The good thing about the reflective bands and vest is if you don't want to sully the look of your bike, the bands and vest are just as effective. You just have to remember to bring them with you in case you get caught out after dark. The tape on the bike is ALWAYS ready to go.


----------



## saf-t (Sep 24, 2008)

I run 3M tape on the fork, seat stays, top and down tube, back and front of cranks, and rear fender of my commuter, along with tires with reflective bands. Reflective ankle bands as well- can't have too much visibility.

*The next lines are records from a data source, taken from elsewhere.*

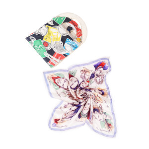 Sjaal en singles houder. Sjaal, vintage uit de jaren 1950. De sjaal heeft afbeeldingen van sterren uit de jaren 50, waaronder Elvis Presley, James Dean en Brigitte Bardot. Conditie: vertoont gebruikssporen, de stof is gekreukt en niet gereinigd. Afmetingen ca.: 47 x 47 cm; Vinyl houder voor singles, vintage uit de jaren 1960. De houder heeft een zachte hoes met 20 vakken. Op de hoes staan kleurrijke afbeeldingen van singlehoesjes en muziekinstrumenten. Conditie: slijtage aan de randen en hoeken, en verkleuring. Afmetingen ca.: 27 x 20,5 x 5 cm.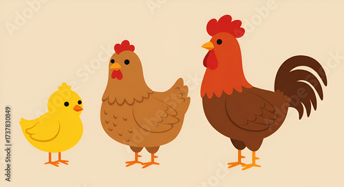 Cartoon Illustration Depicting Chicken, Hen, and Chick on a Plain Background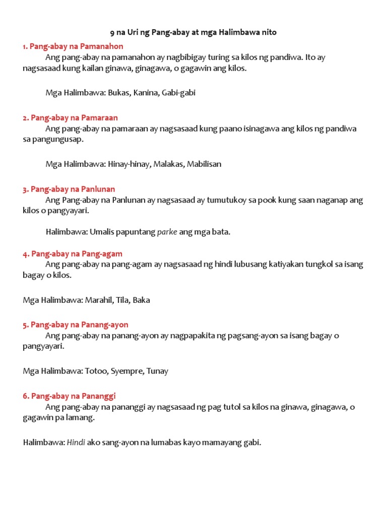 Ano Ang Pang Abay Halimbawa Ng Pang Abay At Mga Uri Nito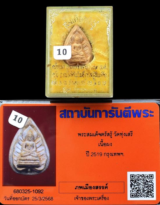 ( 10 ) พระสมเด็จตรัสรู้ วัดทุ่งเสรี เนื้อผงพุทธคุณ ปี 2519 หลวงปู่โต๊ะ , อ.ชุม ไชยคีรี และ พระเกจิรวมปลุกเสก มีกล่อง + บัตรรับรองพระแท้การันตีพระ สภาพพระตามรูปที่ลงทุกประการ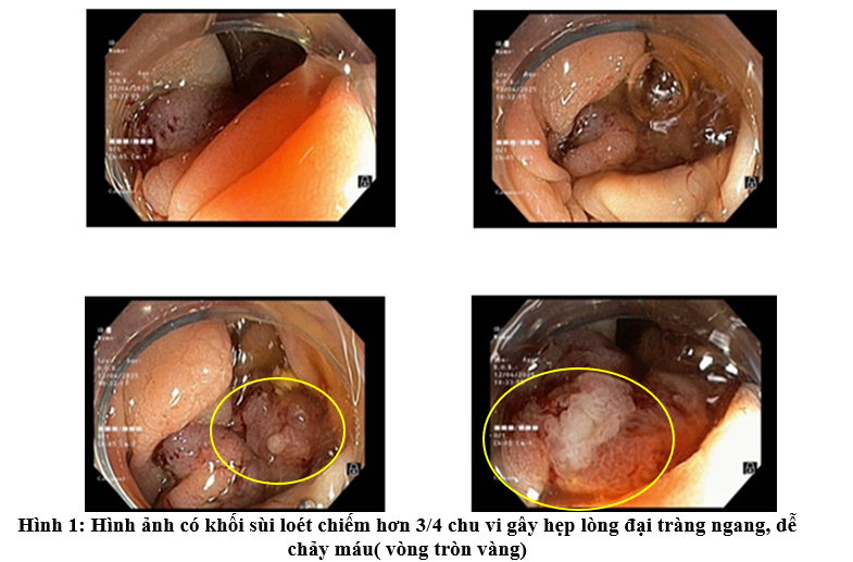 - Nội soi đại trực tràng: Đại tràng ngang có khối sùi loét chiếm hơn 3/4 chu vi gây hẹp lòng đại tràng, dễ chảy máu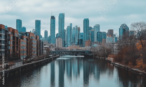 © Olha, Naklejka premium A city skyline with a bridge in the foreground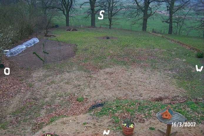 "links entsteht gerade (wie schon richtig erkannt) ein Gemüsebeet welches von Jhannisbeeren eingefaßt ist und mal einen Staketenzaun erhalten soll." - Hübsch!"das Grundstück werden wir wohl mit einem Wildzaun einzäunen müssen da die Rehe und ildschweine sich jetzt schon sehr wohl bei uns im garten fühlen." - Besser isses wohl" Die Eichen gab gratis dazu, gehören dem Bauern dem das Feld unten gehört." - Sehr schön! Nur schade daß sie im Süden stehen.

Lights are a given- in fact, I was amazed this weekend at how visible this guy ahead of me was with his taillight on (earlier than I'd typically have mine on).


----------



## froze (Sep 15, 2002)

The only reflective tape I use is on my helmet, I can't stand crappy looking tape (or zip ties) whether their for reflective purposes or black electrical tape for whatever reason on my bikes. Sure I have lights, I need to be seen at night; and I use reflective leg bands, and my jacket has reflective stripping as does the seat bag. For lights I run a Cygolite 15 watt dual beam in the front along with a amber flasher and a BLT on the helmet, then I have the Blackburn Mars 4 on the rear and barend lights, along with a Cateye on the rear of the helmet. So if they can't see me their blind as a bat and no amount of lights and reflective tape will help.


----------



## tethernaut (Dec 11, 2008)

I cut the 3M tape into narrow 'pinstriping' and put it on the fork, chainstays, and seatstays, so it's visible from all sides of the bike. I think the pinstriping actually makes the bike look better, and it helps with visibility at night.


----------